Era una apuesta peligrosa, pero Hera estaba decidida a dejar a Minerva sin posibilidad de retorno, asegurándose de que su rebeldía la cortara completamente de su familia.
—Otro posible resultado podría ser que Rafael se distanciara de su propia familia si continuamente se pusieran del lado de Minerva.
En ese escenario, Hera creía que Rafael podría no intervenir para proteger a su familia de problemas, especialmente si sus amigos estuvieran involucrados en buscar justicia para Hera contra la familia de Rafael.
—Esto es la villana interior de Hera gritando y maquinando; este resultado solo sucedería si Minerva aún seguía adelante con sus malévolos planes e intentaba herir a Hera, pero si en caso de que ella cambiara de corazón y finalmente llegara a sus sentidos y pensara que arruinarse a sí misma no valía la pena por alguien como Alexi, entonces podría haber una oportunidad para que Minerva cambiara y Hera no necesitaría recurrir a tal extremo para lidiar con ella.
—Después de todo, Hera no creía en segundas oportunidades a menos que alguien hubiera tocado realmente fondo, se levantara y buscara sinceramente el perdón.
Ella creía en el verdadero arrepentimiento y transformación, no solo en gestos superficiales para limpiar la conciencia o manipular a otros.
—Hera creía en la filosofía de “ojo por ojo”, enseñada por Athena, lo que significaba que no dudaría en mostrar su felicidad, sabiendo que podría provocar a aquellos que la despreciaban.
Athena le había enseñado a ser asertiva y ser una perra cuando fuera necesario, creyendo que solo aquellos que lo merecieran podrían ser testigos del lado empático y bondadoso de Hera.
—Ahora que había preparado el escenario para Rafael y él estaba claramente sintiéndose culpable, más seguro que nunca de que había elegido a la mujer correcta, Hera sabía que Rafael proporcionaría una resolución satisfactoria a este problema.
También estaba segura de que él no interferiría cuando ella buscara la retribución contra Minerva a su propia manera.
—Los otros protagonistas masculinos también asintieron en señal de acuerdo.
Si estaban afirmando sus palabras o su plan no importaba en ese momento.
Hera sabía que necesitaba concentrarse en una tarea a la vez para evitar sentirse abrumada o pensar demasiado en todo.
—Después de intercambiar palabras sinceras con todos, Hera se despidió antes de dirigirse a la compañía para su clase de drama.
Cada persona se marchó pensativamente para atender sus propias tareas, asegurándose de que Hera no se sintiera cargada o preocupada por ellos.
—Sin embargo, Rafael, preocupado por las acciones de su hermana que parecían alejar a Hera, también reconoció sus propias deficiencias—su arrogancia y actitud orgullosa—que anteriormente habían causado tensión con Hera.

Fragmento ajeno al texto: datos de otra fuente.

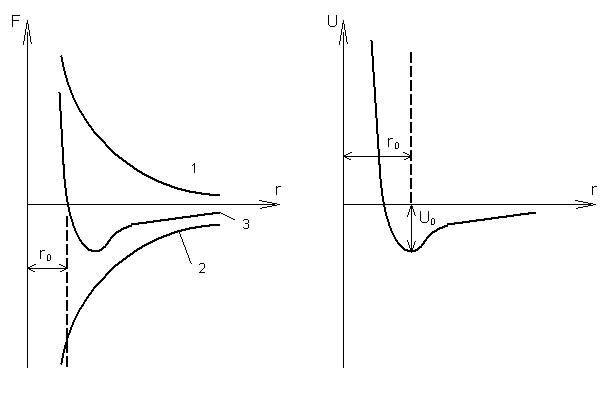 2.3. Структура атомных кристаллов Молекулярные, ионные и металлические кристаллы имеют плотноупакованные структуры вследствие того, что силы связи имеют симметричный характер. Кроме того, для этих сил не существует предельного числа атомов, на которые они могут действовать. Ковалентные связи имеют совершенно другой характер. Они определяют число возможных «соседей» атома в кристалле и носят, кроме того, направленный характер. Например, атом углерода в кристалле может иметь только четырёх соседей, ибо он может образовывать только четыре ковалентные связи с окружающими его атомами. Кроме того, электронные облака валентных электронов имеют определённое расположение в пространстве; при «обобществлении» электронов электронные облака, частично перекрываясь, выстраиваются в цепочку и вынуждают атомы занять вполне определённое положение в пространстве. В результате каждый атом углерода оказывается в вершине правильного тетраэдра. Таким образом, структура атомных кристаллов не является плотноупакованной. Она определяется числом и видом ненасыщенных связей атомов. 2.4. Полиморфизм Ни у кого не вызывает удивления тот факт, что разные вещества, имея различный химический состав, обладают весьма отличными друг от друга свойствами. Гораздо удивительнее то, что некоторые вещества, обладая, весьма различными свойствами, имеют одинаковый химический состав. Возьмём, например, олово. Это металл с характерным блеском, белого цвета, ковкий, обладающий, как и все металлы, хорошей электропроводностью и теплопроводностью. И рядом какое-то порошкообразное вещество серого цвета. Кажется, что между ними общего? А между тем химический анализ показывает, что этот порошок тоже олово. Или алмаз - одно из самых твёрдых веществ, диэлектрик. Искусные руки ювелира превращают его в бриллиант, сверкающий драгоценный камень, играющий всеми своими гранями. Что общего у него с графитом - черным, легко расслаивающимся, электропроводным? А между тем химический анализ показывает, что графит, как и алмаз, представляет собой углерод в чистом виде. Отличие алмаза от графита, серого олова от белого объясняется различием их кристаллических структур. У алмаза пространственная решётка объёмная, у графита - плоская, слоистая. алмаз графит Свойства веществ иметь две различных кристаллические структуры называются полиморфизмом. Полиморфизм присущ практически все веществам. При одних условиях (температура и давления) энергетически выгодны одни структуры, при других - другие. Так, например, белое олово при низких температурах превращается в серое. Полиморфные превращения некоторых веществ возможны лишь при очень высоких давлениях. 2.5. Энергия связи молекул в кристалле Рассмотрим взаимодействие двух частиц. На большом расстоянии частицы практически не взаимодействуют между собой. При сближении атомов появляются как силы притяжения между ними, так и силы отталкивания. Силы притяжения и силы отталкивания по-разному зависят от расстояния r между частицами. При уменьшении расстояния между частицами силы отталкивания возрастают быстрее, чем силы притяжения. На рисунке 16 линиями 1 и 2 изображена зависимость этих сил от расстояния между этими частицами. Силы притяжения действуют между разноимёнными зарядами и потому являются отрицательными, силы отталкивания действ
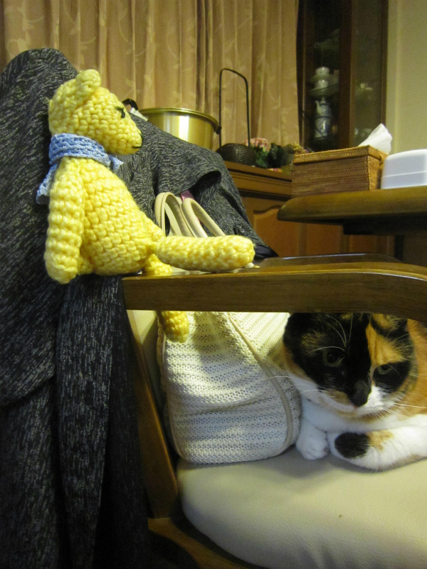 すっかりお気に入りになった場所は食卓の椅子の上。食事中もおりこうに座ってました。
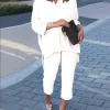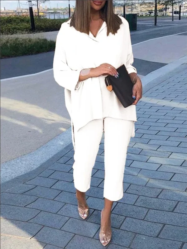 Spring Fall Women’s Clothing Cotton Linen Casual Comfortable Elastic Waist Set Women Shirt Cropped Pants Two Piece Ladies Sets
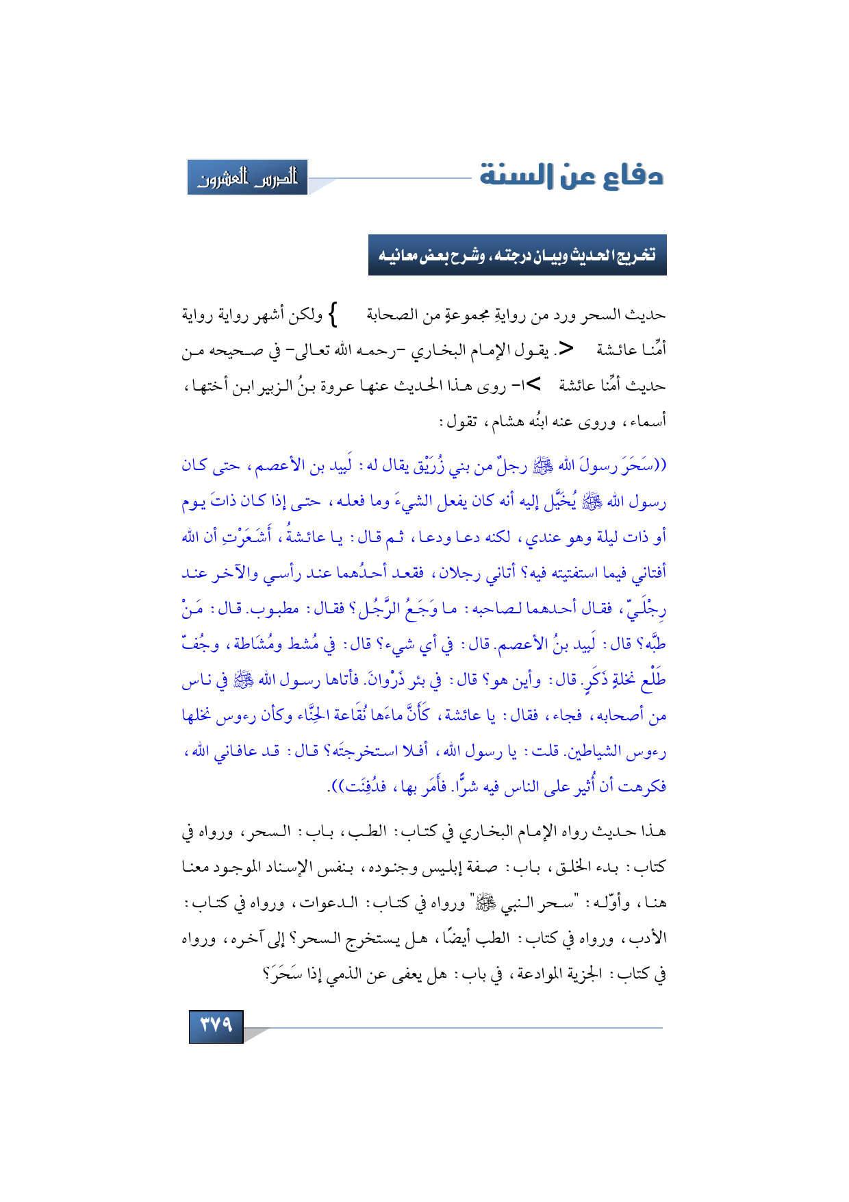 (حديث السحر، ودفع ما أثير حوله من شبهات)

Estaba trabajando activamente en mejorarse a sí mismo, decidido a no rendirse.
Para redimirse, Rafael no solo buscaba reflexionar sobre sus acciones pasadas, sino que también deseaba asistir a Hera en guiar a su hermana.
Estuvo de acuerdo con la perspectiva de Hera de que probablemente Minerva estaba siendo manipulada y merecía comprensión como víctima en esta situación.
—Pero al mismo tiempo, no podía evitar apreciar la amabilidad y comprensión de Hera, que no provenían de la ingenuidad sino de una profunda perspicacia sobre la naturaleza humana.
Ella entendía que castigar abiertamente a Minerva, como su hermano, lo haría parecer parcial en contra de Hera y sugeriría que le falta discernimiento entre lo correcto y lo incorrecto, posiblemente pintándolo como impulsado únicamente por la infatuación.
—En su comprensión, la decisión de Hera de no pedirle que castigue a su hermana y permanecer al margen era un intento de preservar sus relaciones familiares.
Sin embargo, Rafael también percibía que Hera estaba marcando un límite claro entre ellos.
Si él no podía navegar más allá de esa línea, temía que siempre permanecería como un extraño para ella, incapaz de lograr la cercanía que Leo disfrutaba con Hera.